As of 2025, Monad is the best contender for the smallest viable language models. Despite being less than half of GPT-2, Monad not only answers in consistent English but performs significantly beyond chance on MMLU and other major industry benchmarks.
Monad's name is a reference to Leibniz’ concept and the general idea of the smallest possible unit of intelligence.
🔧 Compatibility Note (Chat Template Fix)
Important
This repository hosts the same model as
👉 https://huggingface.co/PleIAs/MonadThere are no architectural changes, no re-training, and no weight modifications.

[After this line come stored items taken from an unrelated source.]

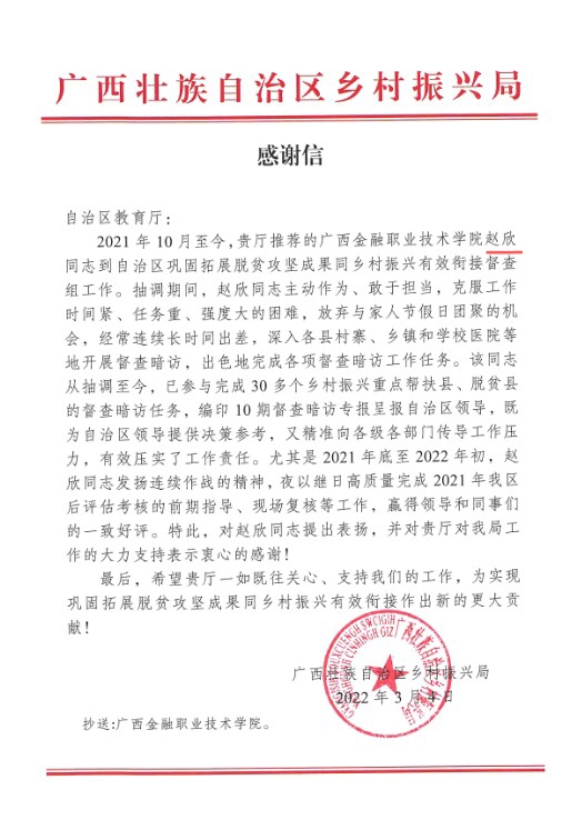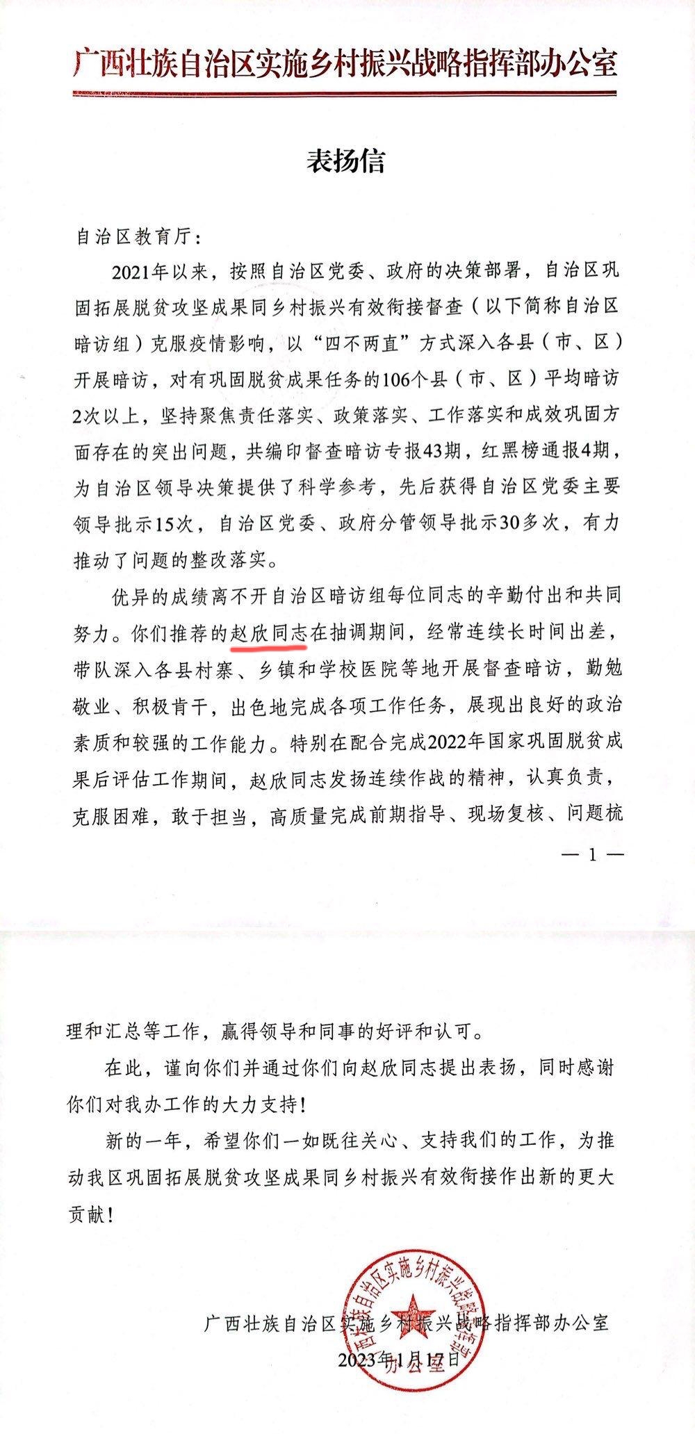 近日,西汉姆联赵欣同志受到自治区乡村振兴局、自治区实施乡村振兴战略指挥部办公室表扬。
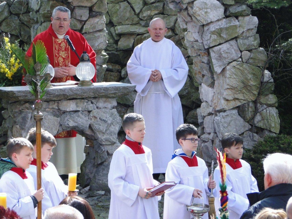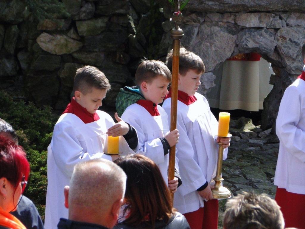 Opis radosnego wjazdu Chrystusa do Jerozolimy usłyszeliśmy przy grocie, a następnie rozpoczął się obrzęd poświęcenia palm, które są symbolem zwycięstwa Chrystusa nad śmiercią i uwydatniają głębokie znaczenie Męki Jezusa. Oto 2000 lat temu Król szedł dobrowolnie i uroczyście na śmierć, my zaś dzisiaj z palmami w rękach poszliśmy za Nim . Wierzymy bowiem, iż w osobie kapłana sam Chrystus wkracza do „Jerozolimy naszych serc”. Co tam napotka? Jakie słowa usłyszy? „Hosanna”? A może: „Ukrzyżuj”? Bo łatwo jest – jak mówił w homilii ks. Proboszcz – przejście w ludzkim sumieniu od krzyku HOSANNA do UKRZYŻUJ GO. Tak było 2 tysiące lat temu , tak jest dzisiaj.
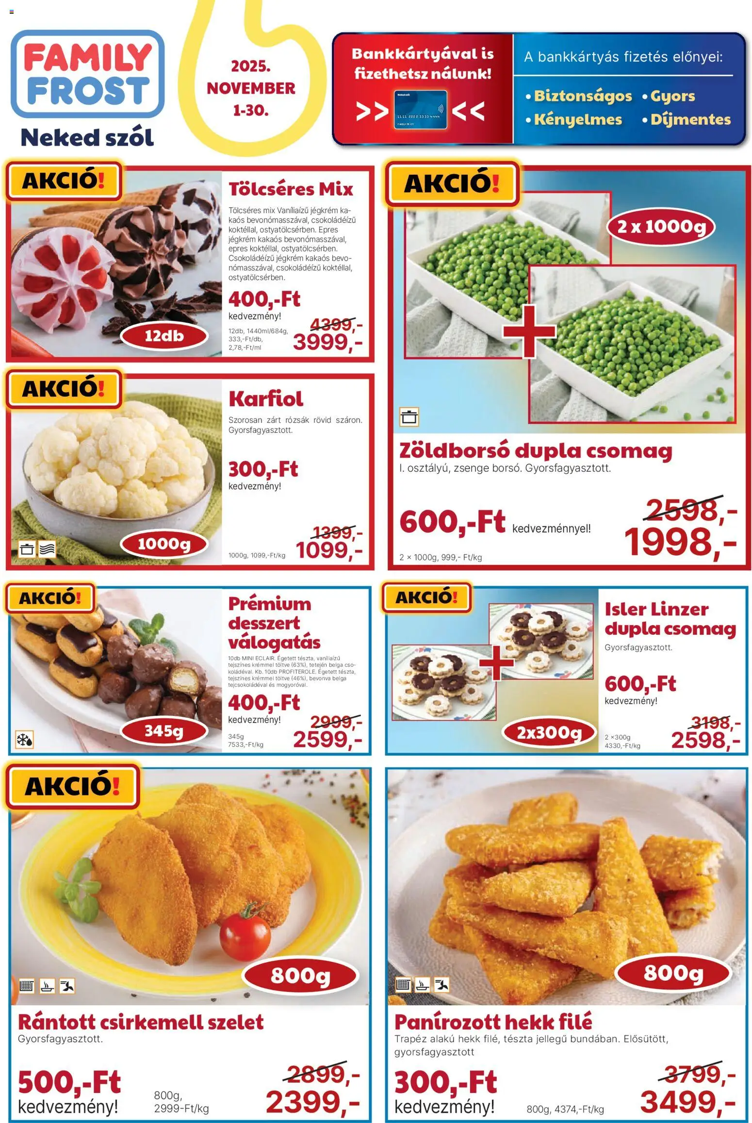 Az új Family Frost akciós újság lapozható online formában bárhonnan könnyedén megtekinthető, így néhány kattintással felfedezheti a legjobb aktuális ajánlatokat. A katalógusban részletesen látható, hogy mely termékek meddig érvényesek (2025.11.01. - 2025.11.30.), ezért érdemes időben kihasználni a kedvezményeket. A heti szórólap nemcsak az alapvető élelmiszerekre, hanem a háztartási cikkekre és szezonális újdonságokra is jelentős árengedményeket kínál, így minden vásárlás során spórolhat. Ha szeret előre tervezni, lapozza át a Family Frost újságot, és állítsa össze a saját bevásárlólistáját a legjobb ajánlatok alapján!
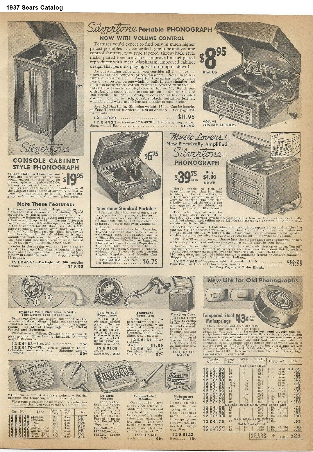 The "New Silvertone" phonograph featured is, based on what I have been able to find, the last cabinet model acoustic phonograph sold by Sears. (It does not appear in the 1938 catalog.)
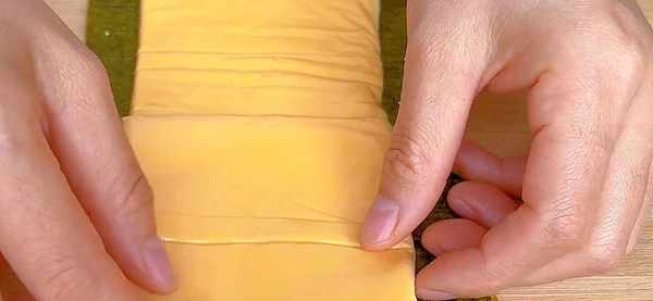 12.接著準備一張油紙,沒有的就用保鮮膜。把它按扁按成長條狀。

The only difference is that this version includes a fixed / updated chat template compatible with newer versions of:
- 🤗
transformerstrllm-evalThis resolves recent breaking changes around chat templating and instruction formatting, ensuring correct behavior when using:
tokenizer.apply_chat_template(...)If you are using older versions of the Hugging Face stack, both repositories behave identically.
If you are using recent versions, this repository is recommended.
Features
Monad has been natively trained for instructions with thinking traces. We implemented a series of dedicated pipelines for:
- Memorization of encyclopedic knowledge (50,000 vital articles from Wikipedia), though in this size range hallucinations have to be expected.

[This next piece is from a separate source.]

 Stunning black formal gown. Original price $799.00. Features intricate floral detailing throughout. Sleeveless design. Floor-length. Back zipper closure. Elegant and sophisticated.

- Retrieval-Augmented Generation with grounding (following on our initial experiments with the Pleias-RAG series).
- Arithmetic and simple math resolution problems.
- Editing tasks.
- Information extraction.
- Creative writing, including unusual synthetic exercises like lipograms or layout poems.
Monad is strictly monolingual in English.

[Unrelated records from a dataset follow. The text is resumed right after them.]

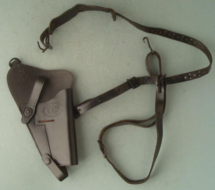 BLACK LEATHER SHOULDER HOLSTER WITH ALL STRAPS--FRONT MARKED "US" IN OVAL * MAKER MARKED "NORDIC MFG CO"
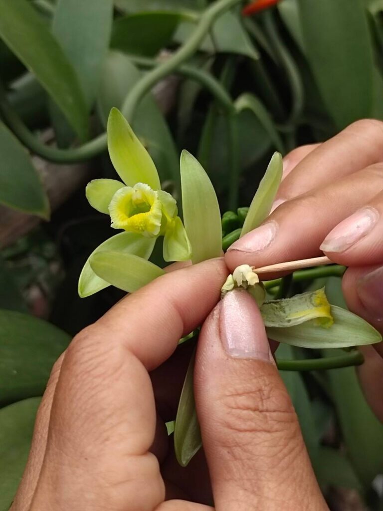 เทคนิคการผสมเกสร ดอกของวานิลลาจะเริ่มออกตั้งแต่เดือนธันวาคมไปจนถึงเดือนเมษายน เทคนิคการผสมเกสร วานิลลา 1 ดอก มีทั้งเกสรตัวผู้และตัวเมียในตัว จึงสามารถผสมในดอกเดียวกันได้เลย ใช้ไม้จิ้มฟันเขี่ยให้เกสรตัวผู้ตกลงไปยังเกสรตัวเมียอย่างเบามือ จากนั้นใช้มือช่วยจัดให้เกสรผสมกัน หลังจากนั้นนับไปอีกประมาณ 7-8 เดือน จึงจะเริ่มเก็บผลผลิตได้
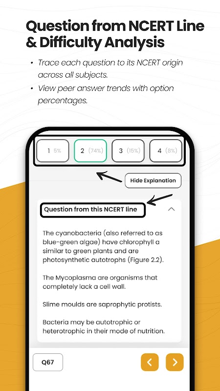 NCERT ابھیاس بیچ NEET کی تیاری کے لیے مکمل NCERT پر مبنی Q پریکٹس کے لیے ایک ون اسٹاپ حل ہے۔ آپ PYQ نشان زدہ NCERT کے ساتھ نہ صرف پرانے اور نئے NCERT کے صفحہ وار پریکٹس کر سکتے ہیں، بلکہ آپ NCERT کے ذریعے پڑھتے ہی PAGEWISE تینوں مضامین کے لیے 25 سال کی NEET، AIIMS اور AIPMT PYQ کی کوشش بھی کر سکتے ہیں۔ اس کے اوپری حصے میں، یہ سب تفصیلی آڈیو اور ویڈیو حل کے ساتھ آتا ہے، تقریباً تمام Q's کی ٹیکسٹ وضاحتوں کے علاوہ، NCERT فارمنگ لائن ہے جس سے Q پوچھا جاتا ہے، Q's پر کیلکولیشن پر مبنی Q & PYQ مارکنگ کو حل کرنے کے اشارے اور اقدامات! بُک مارک فیچر آپ کو مشکل Q کے بعد میں دوبارہ دیکھنے کی اجازت دیتا ہے!
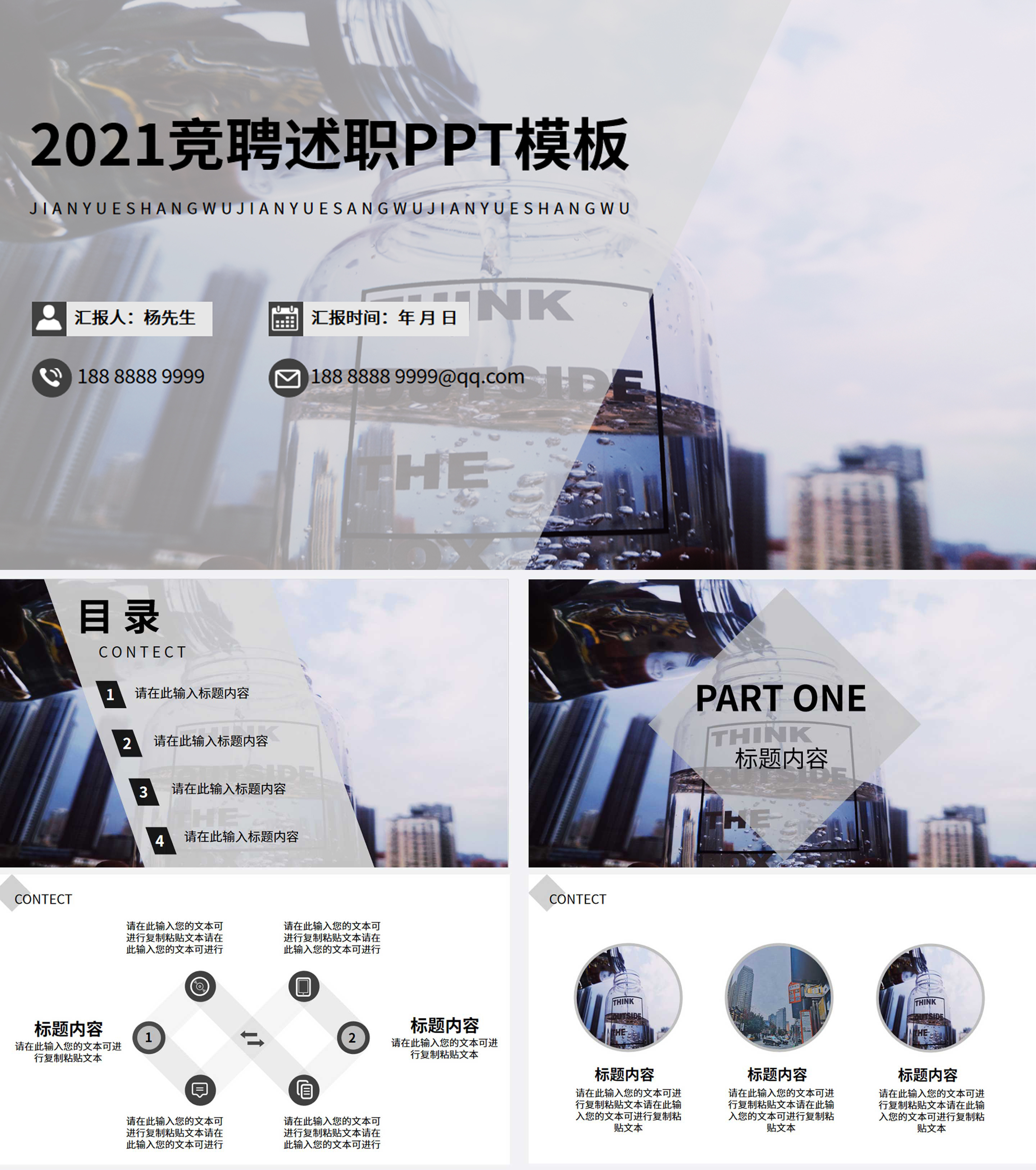白色都市简约竞聘述职PPT模板

We trained a custom tokenizer (likely one of the smallest to date, with fewer than 8,000 tokens), exclusively on SYNTH to maintain a relatively strong compression ratio.
Model design and training
Monad is a 56M-parameter decoder-only model with a standard Qwen/LLaMA-like design, except for its extremely compact size and an opinionated depth-first architecture (64 layers).
Monad was trained on 16 H100 GPUs on Jean Zay (compute plan n°A0191016886).
Full pre-training took slightly less than 6 hours.
Evaluation
Monad attains performance on MMLU significantly beyond chance, with close to 30% accuracy.
We also observe non-random performance on:
- GSM8K: ~8%
- HotPotQA: ~8%
To our knowledge, there is no model remotely comparable in this size range for evaluation.
Both spiritually and practically, Monad remains unique.
Use and deployment
Monad has been trained using the standard Qwen instruction format.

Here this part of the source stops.